Она смотрела на него широко открытыми глазами, и, казалось, прошло много времени, прежде чем она спросила ледяным тоном:

– Я? – Потом ещё тише: – Я?

– Да, да! – весело подтвердил он. – И до чего же всё логично! Из-за моего наброска сценария.

– Я же тебе сказала! Я же говорила, как мне жалко, что тогда тебе помешала… в то время… но теперь мне всё равно, о чём ты там напишешь.

– Ну да, это ты говорила мне. А что ты говорила ему? – И он ткнул пальцем в Яшу Джонса.

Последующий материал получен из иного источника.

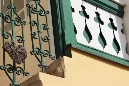 Noch heute erinnern kunstvolle Holzarbeiten am Haus und liebevoll gearbeitete Türen und Stöcke an die einstigen Besitzer.
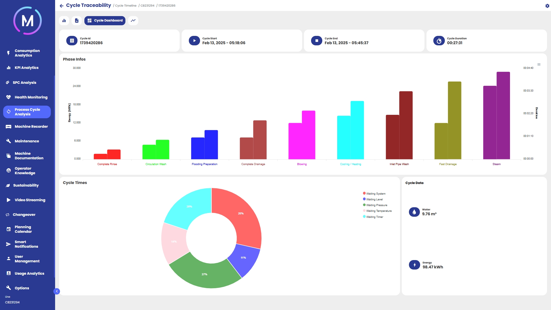 La sezione Dashboard Cicli presenta una schermata contenente informazioni utili per l'analisi di un ciclo e delle sue fasi. Nota che, rispetto alla sezione Timeline Ciclo di Processo, in questa sezione si vuole analizzare il ciclo nella sua globalità, senza soffermarsi sul preciso ordine in cui le fasi si sono susseguite. L'analisi si concentra sulla tipologia delle diverse fasi, piuttosto che sulle loro occorrenze. Questa dashboard è configurabile, permettendo agli utenti di personalizzare la visualizzazione dei dati in base alle proprie esigenze per l'analisi del ciclo della macchina.

– Но… – с трудом выдавила она. – Ему я ничего не говорила.

– Говорила, говорила, – спокойно повторил он, глядя на неё из бесстрастного далека. – Давай не употреблять этого слова. Давай, моя дорогая, заменим его словами намекнула, внушила, дала понять. Я ведь и не подозреваю, что ты сознательно, так сказать, посоветовала ему…

– Бред… – перебила она. Имя его она произнесла едва слышно, но оно заставило его замолчать.

Она стояла против него в тёмном ситцевом платье, уронив руки ладонями наружу и подняв к нему лицо, в гладко зачёсанных волосах, блестевших на свету, была заметна седина. Глаза у неё были расширены и устремлены на него. Лицо, освещённое сзади, казалось застывшим. Но потом он заметил, что губы её дрожат. Он увидел, как слёзы набегают на большие карие глаза.

И тут он услышал голос Яши Джонса.

– Бред!

Услышав этот голос, он с облегчением почувствовал, что путы перерезаны. Он теперь может повернуться в ту сторону. Может отвести взгляд от лица женщины со слезами на глазах.

Яша Джонс вышел на середину комнаты и встал возле стола из красного дерева спиной к камину. Свет канделябров отсвечивал от его голого черепа.

– Бред! – повторил он.

И когда Бред повернулся к нему, он сказал:

– Мы используем ваш сценарий. Давайте так и решим.

– Даёте за неё выкуп, а?

– Её не у кого выкупать.

– Тогда, значит, уступка?

– Нет, не уступка. – Яша подумал. – Нет, не уступка. Это было бы оскорбительно. Но наблюдая вас сейчас, в этом странном, простите меня, состоянии бессмысленной злобы, я вдруг понял, что, быть может, глубочайшее чувство, то чувство, которое сейчас может выразить себя только в злобе, проявится и в сценарии, когда вы его доработаете. Правильно! – воскликнул он. – Правильно – не элегия, а злость.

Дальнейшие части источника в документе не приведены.